I’ve been noticing scarecrows adorning people’s houses as they get their harvest groove on. It occurred to me this morning that this doesn’t make sense – scarecrows would be used in summer, while the corn crop is actually growing, not in the fall when the plants are dying.
In the fall is harvest season…so conceivably, you could use scarecrows in the fall, too. I mean, in warmer climes harvest season is only just beginning.
But scarecrows seem to go with the whole fall thing anyway. Hay rides, scarecrows, and haunted houses. Besides animated scarecrows can be, well, scary, which goes with Halloween.
Well, yeah, that’s kind of my question – how did scarecrows come to be fall symbols? Is it that they come out of the cornfields when the harvest is done, or what?
I think I can discount #2. From what I gather, a scarecrow (or its modern versions) are used to deter crows (and other birds) from eating the freshly planted seeds, not the ripened grain…
This is a WAG, not supported by any research ('cause I didn’t do any), but it wouldn’t surprise me to learn that the scarecrow at Halloween is the decendant of the Wicker Man sacrificed in Ye Olden Days.

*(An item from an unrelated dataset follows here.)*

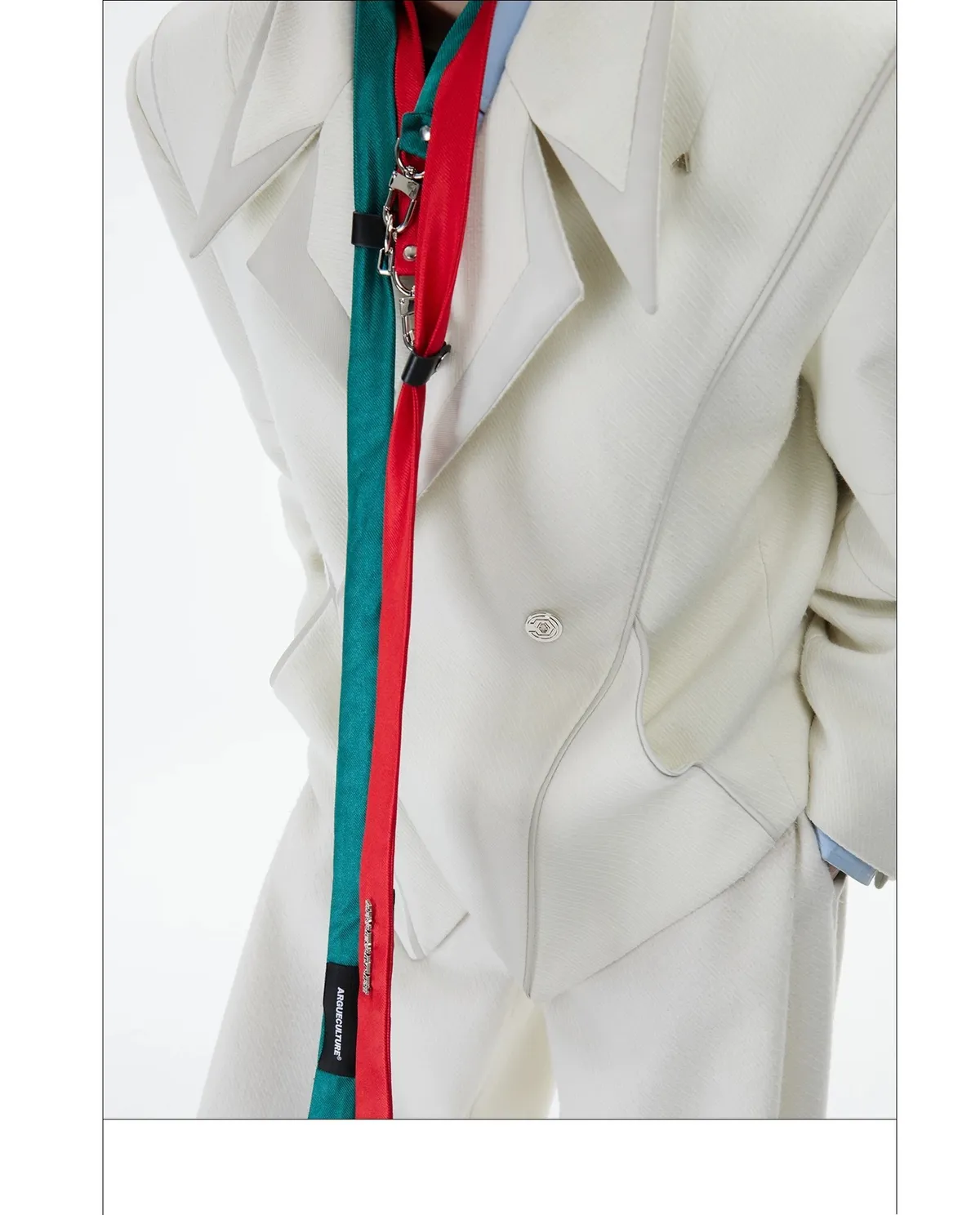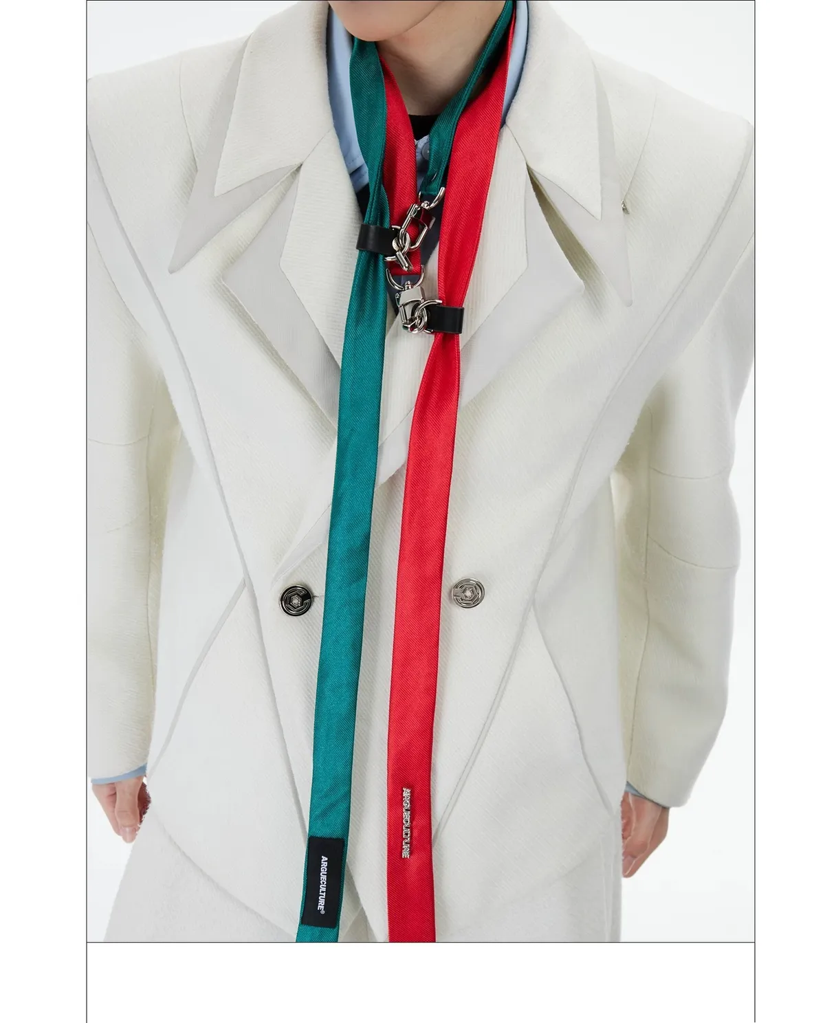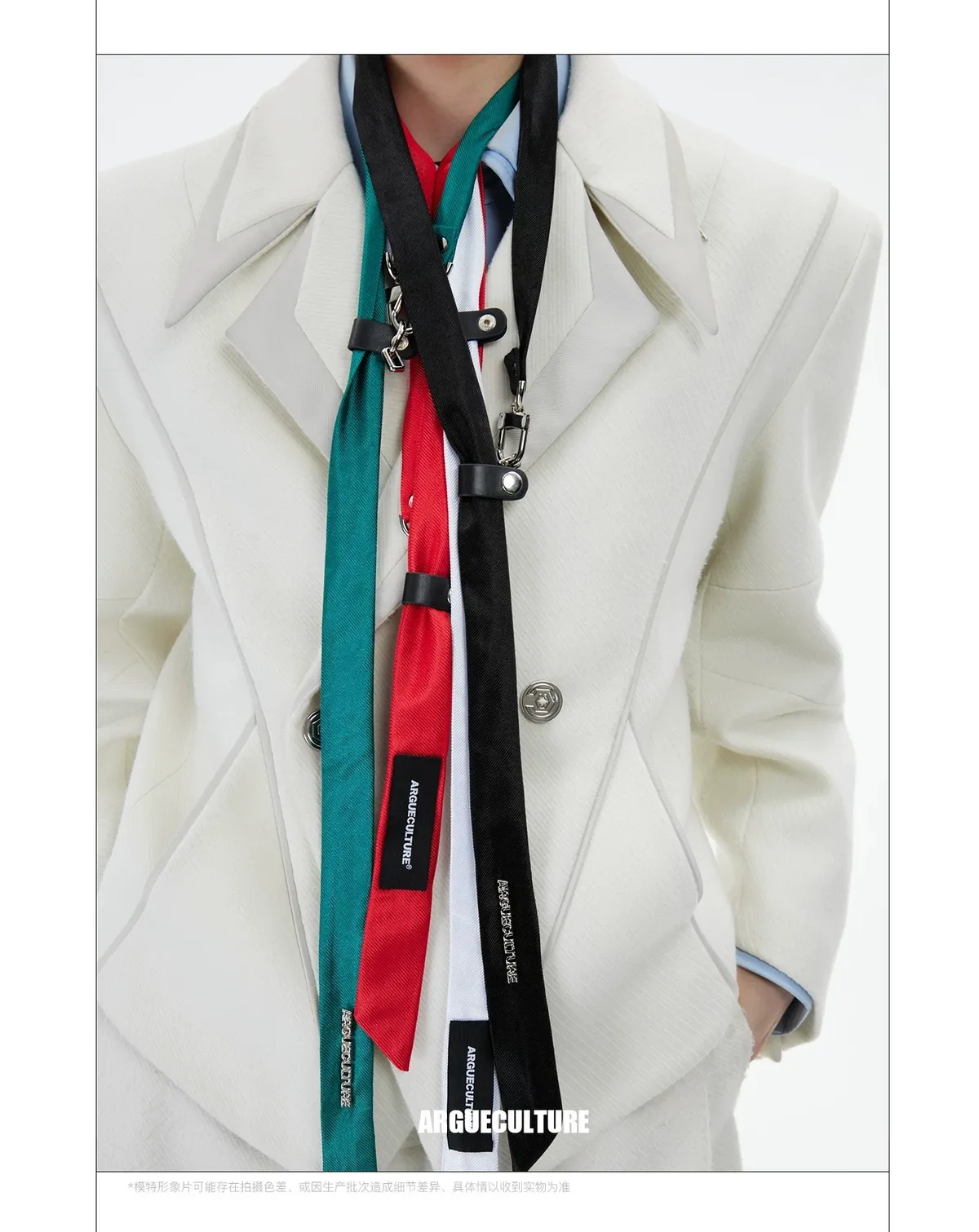 ARGUE 皮釦拼接 加長 領帶(黑/白/紅/綠)

While it’s possible that humans were stuffed into structures made of straw, it’s more likely that a man-shape was made out of straw and then burned in thanksgiving, or as a sacrifice of the first grains harvested to the gods to ensure plenty.

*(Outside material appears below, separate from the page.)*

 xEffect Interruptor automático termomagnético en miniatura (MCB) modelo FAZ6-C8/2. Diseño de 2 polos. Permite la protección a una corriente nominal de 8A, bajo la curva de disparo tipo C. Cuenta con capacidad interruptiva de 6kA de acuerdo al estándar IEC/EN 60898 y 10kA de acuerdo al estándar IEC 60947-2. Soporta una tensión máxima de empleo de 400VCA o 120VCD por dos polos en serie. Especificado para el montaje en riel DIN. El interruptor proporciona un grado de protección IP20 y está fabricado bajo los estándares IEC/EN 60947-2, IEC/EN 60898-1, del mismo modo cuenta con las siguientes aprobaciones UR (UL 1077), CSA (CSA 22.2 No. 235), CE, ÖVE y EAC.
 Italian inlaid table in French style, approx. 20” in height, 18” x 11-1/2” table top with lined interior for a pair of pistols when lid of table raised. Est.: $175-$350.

This may be why it’s the Wizard of Oz straw scarecrow that’s the fall harvest/Halloween image, rather than the ribbony or bird-of-prey shaped ones that are more often used to scare birds in reality.
A farmer down the road from me hangs dead crows around his corn crop. They are upside down, tied at the feet, and hanging off nails at the top of 4x4’s.
I have never seen a live crow in this area.
I would guess that farmers would be more worried about freshly-planted seed corn than ripened grain – but I’m no farmer. (Spent one weekend working on a friend’s farm when I was ten; found out that for farm kids, the weekend doesn’t mean cartoons and daydreaming. Plenty of exercise, though.)
Do scarecrows work? I mean, do they keep crows away? I’d think that after awhile, with the straw figure not showing movement, the crows would just ignore it.
Nice to see a thread about literal strawmen, instead of fallacious arguments.